1. Noduläre Polyarteriitis (PAN) In der Vergangenheit war MPA eine Art von PAN. Als sich die Krankheit immer weiter vertiefte, stellte sich heraus, dass die klinischen Manifestationen der beiden nicht identisch waren. Chapel Hill Consensus Conference) listet MPA allein als Krankheit auf: Nach der neuen Definition handelt es sich bei PAN um eine nekrotische Entzündung der mittleren Arterien und kleinen Arterien ohne Glomerulonephritis oder Mikroarterien, Kapillar- oder Mikrogefäßentzündung; MPA ist eine nekrotisierende Vaskulitis, an der hauptsächlich kleine Blutgefäße mit geringer oder keiner Ablagerung von Immunkomplexen beteiligt sind. Unter diesen ist nekrotisierende Glomerulonephritis häufig, und pulmonale Kapillarvaskulitis tritt häufig auf.

2. Wegener-Granulom (WG) WG ist eine Vaskulitis kleiner Arterien und Venen. Die obigen, unteren Atemwege und Nierenläsionen sind die wichtigsten klinischen Merkmale, c-ANCA ist häufiger, Biopsie Pathologie zeigt kleine Gefäßwand oder Es gibt eine neutrophile Infiltration und nekrotisierende Granulombildung, während MPA den oberen Atemtrakt selten beeinflusst, hauptsächlich p-ANCA-positiv, im Allgemeinen keine Granulombildung.
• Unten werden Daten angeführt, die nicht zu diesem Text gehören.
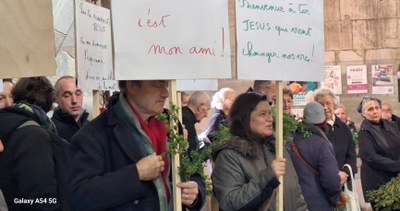 Le dimanche des Rameaux, avec mon parrain et d’autres catéchumènes, nous faisons la procession : des phrases présentées sur des panneaux disent qui est Jésus pour nous. « Jésus est Celui qui me rappelle que l’amour est le plus important. » « Jésus me montre le chemin ; il nous guide par sa Parole. » « Par sa Résurrection, il nous donne l’espérance d’une vie au-delà de la mort. » « Jésus est le pilier sur lequel s’appuyer. »
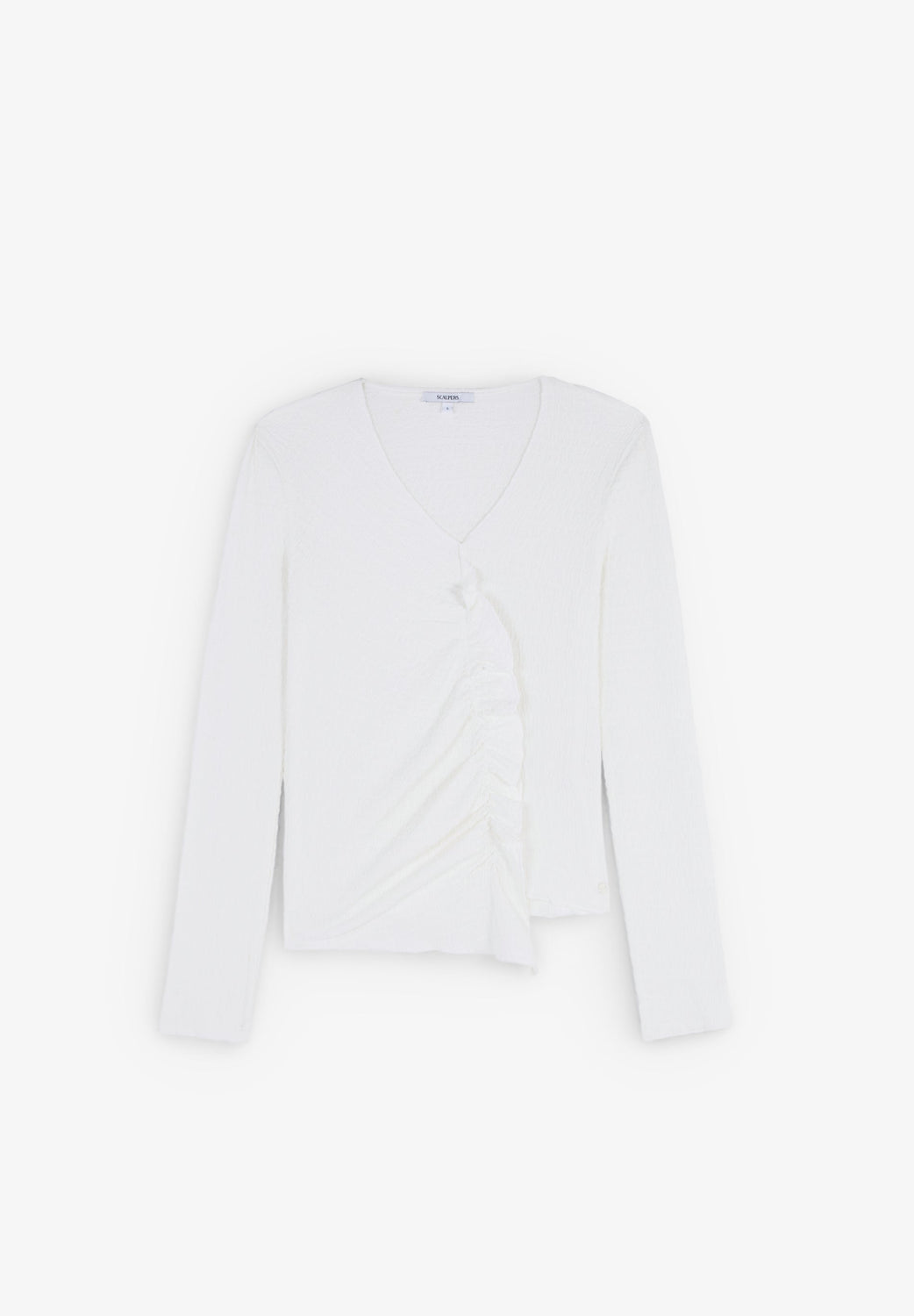 Top acabado textura de escote asimétrico en pico con volantes y manga larga.
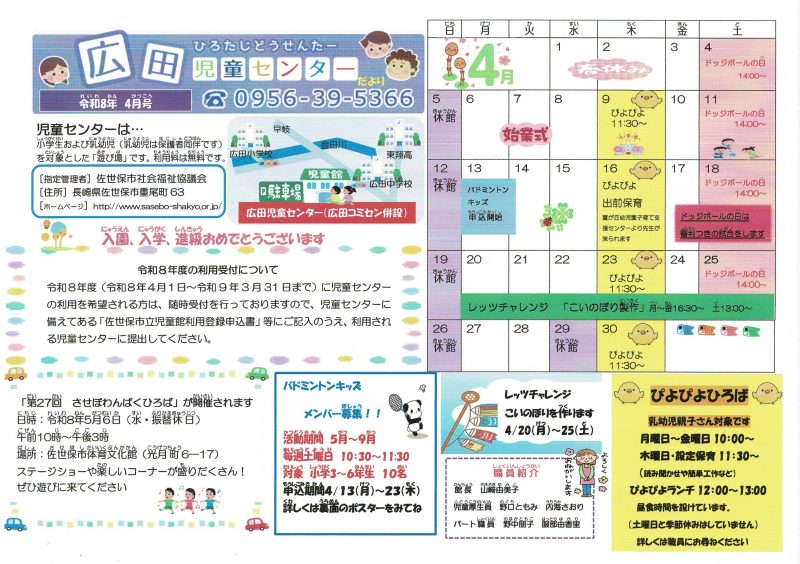 4月のおたよりはこちらをクリック→→広田児童センターだより 4月号
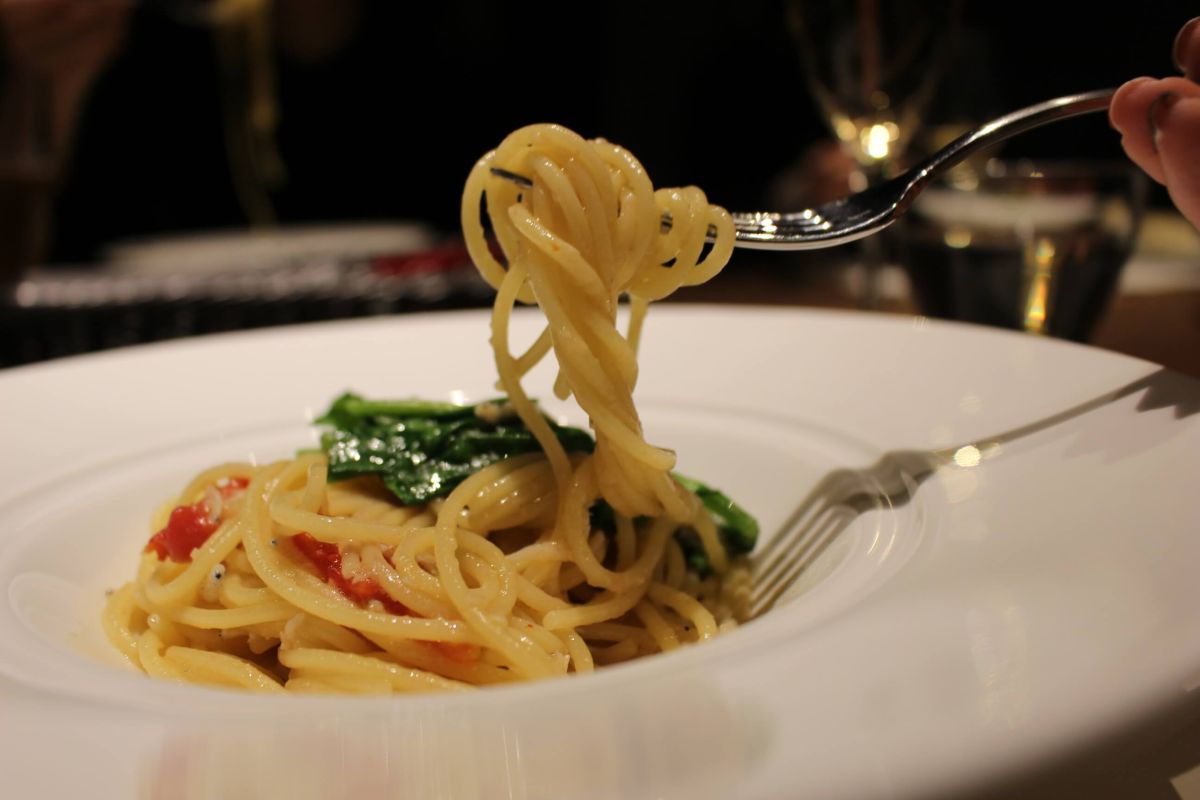 本日のパスタは「しらすとルッコラのペペロンチーノ」。麺はアルデンテに仕上げられていて、ピリ辛な味付けが食欲をそそります。
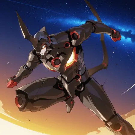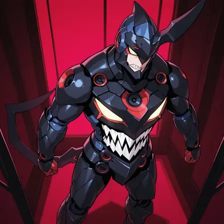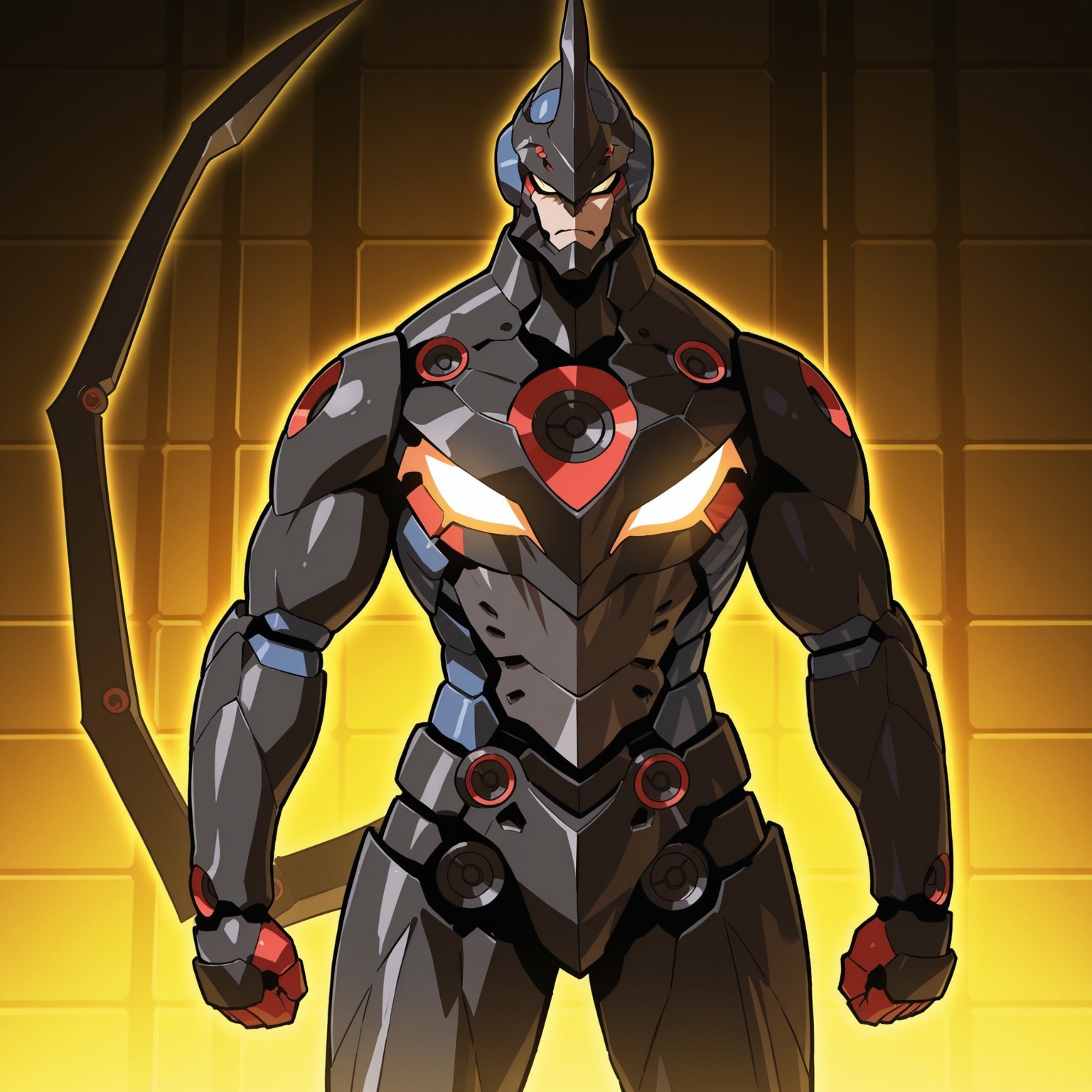 Tags to use: mecha, mechanical tail, humanoid, single horn, black armor, multicolored armor, helmet, tall, yellow eyes, no pupils
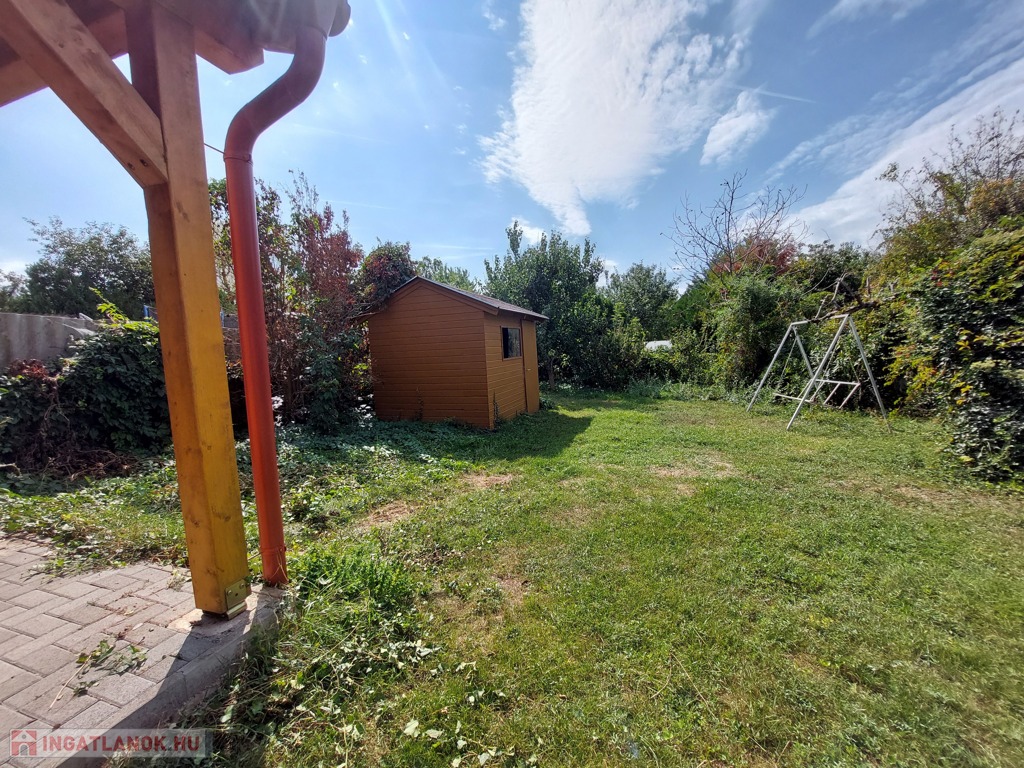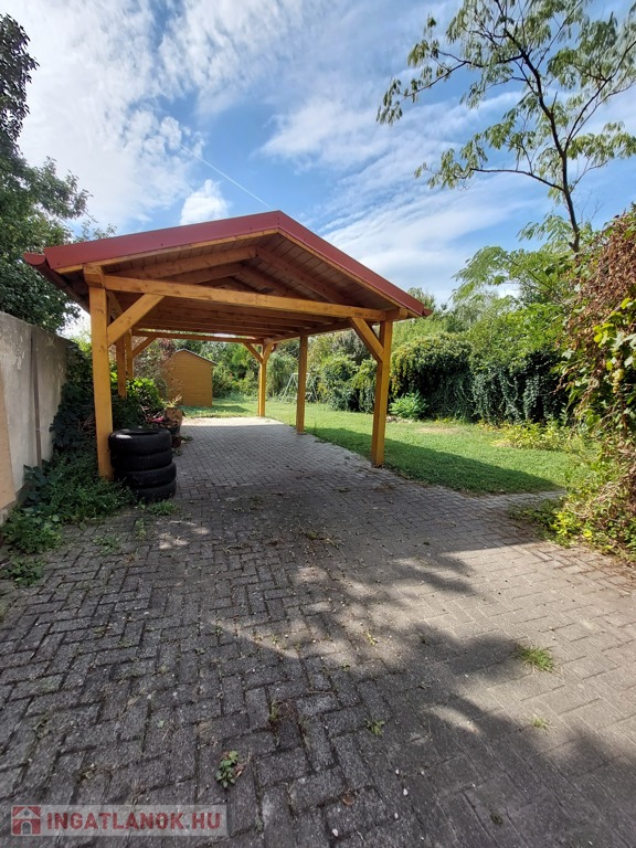 Udvar: zárt, privát kert, fedett autóbeálló, szerszámos épület
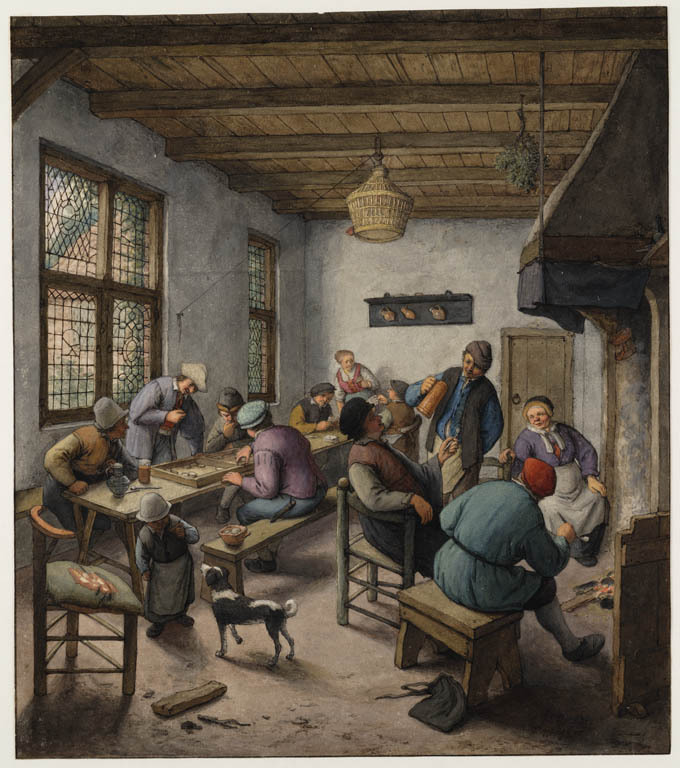Herberginterieur met triktrakspelers
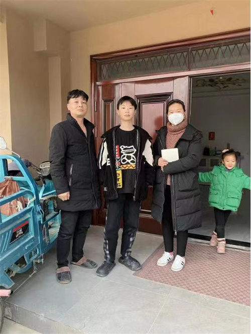 “感謝幾位老師來(lái)家訪,讓我知道孩子在學(xué)校的學(xué)習(xí)生活情況,謝謝老師們平時(shí)對(duì)他的悉心教導(dǎo)......”兔年春節(jié)前夕,湖北省荊門(mén)市掇刀區(qū)麻城中學(xué)九(二)班學(xué)生陳書(shū)祥家長(zhǎng)激動(dòng)地對(duì)前來(lái)家訪的兩位老師說(shuō)。
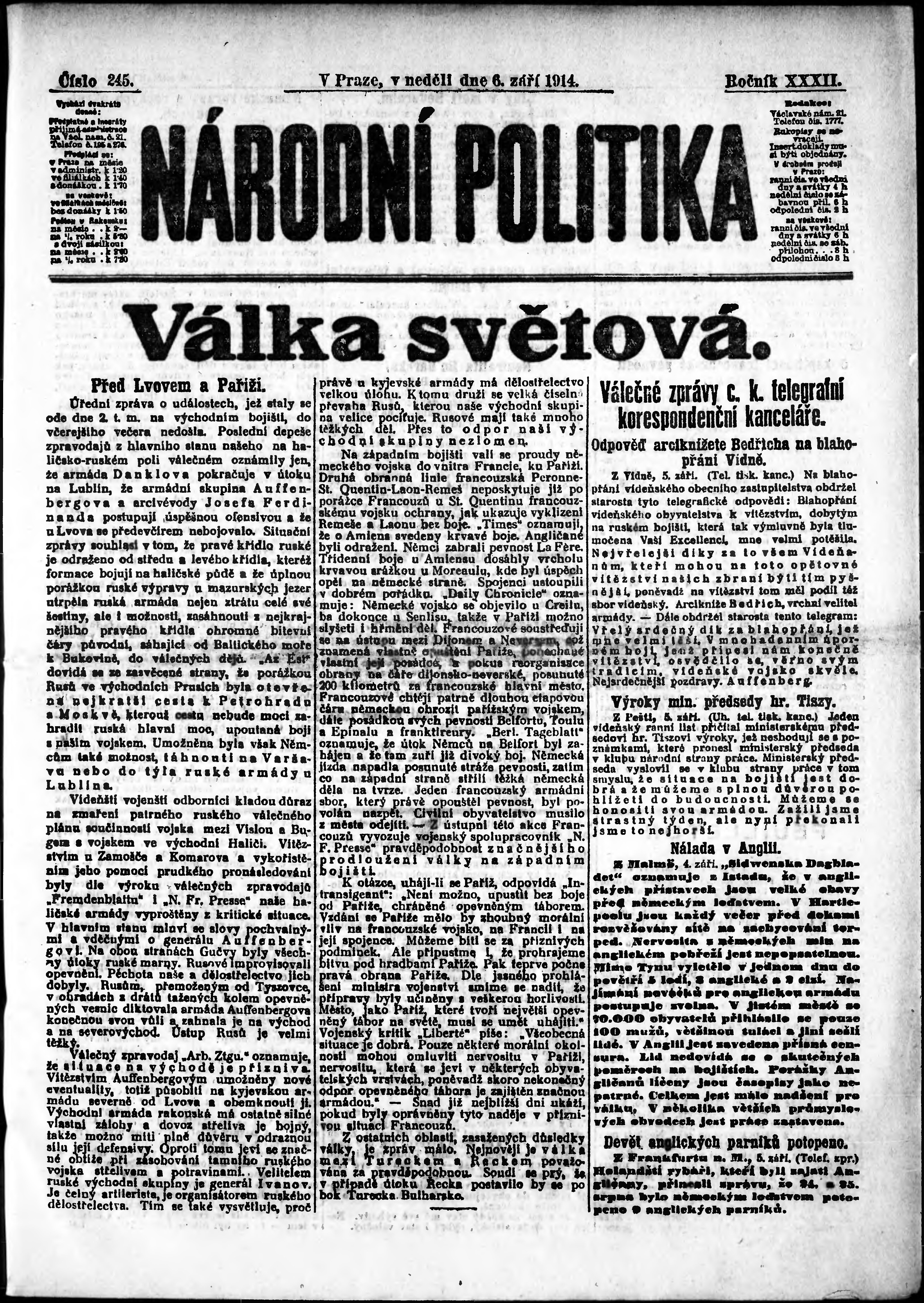 * Datum vydání výtisku: 6.9.1914 Číslo výtisku: 245 Poznámky k výtisku: ranní vydání;

3. Lungenhämorrhagisches Nephritis-Syndrom (Goodpasture-Syndrom) Das Goodpasture-Syndrom, auch als Anti-GMB-Krankheit mit Lungenblutung bekannt, ist auf eine Schädigung der alveolären und glomerulären Basalmembran zurückzuführen. Pathogenität, einschließlich wiederholter diffuser Lungenblutung, Glomerulonephritis und zirkulierender anti-glomerulärer Basalmembran-Antikörper-Triade (Anti-GBM), klinische Manifestationen wiederholter diffuser Lungenblutung, Anämie und Nierenblutung (Hämaturie), Lungen- und Die Nierenbiopsie zeigte, dass IgG und C3 gegen den Basalmembran-Antikörper kontinuierlich und linear entlang der Alveolarwand und der Kapillarwand des Glomerulus abgelagert wurden.Der Nachweis von Anti-Basalmembran-Antikörpern im Blutkreislauf war eine wichtige Grundlage für die Diagnose dieser Krankheit.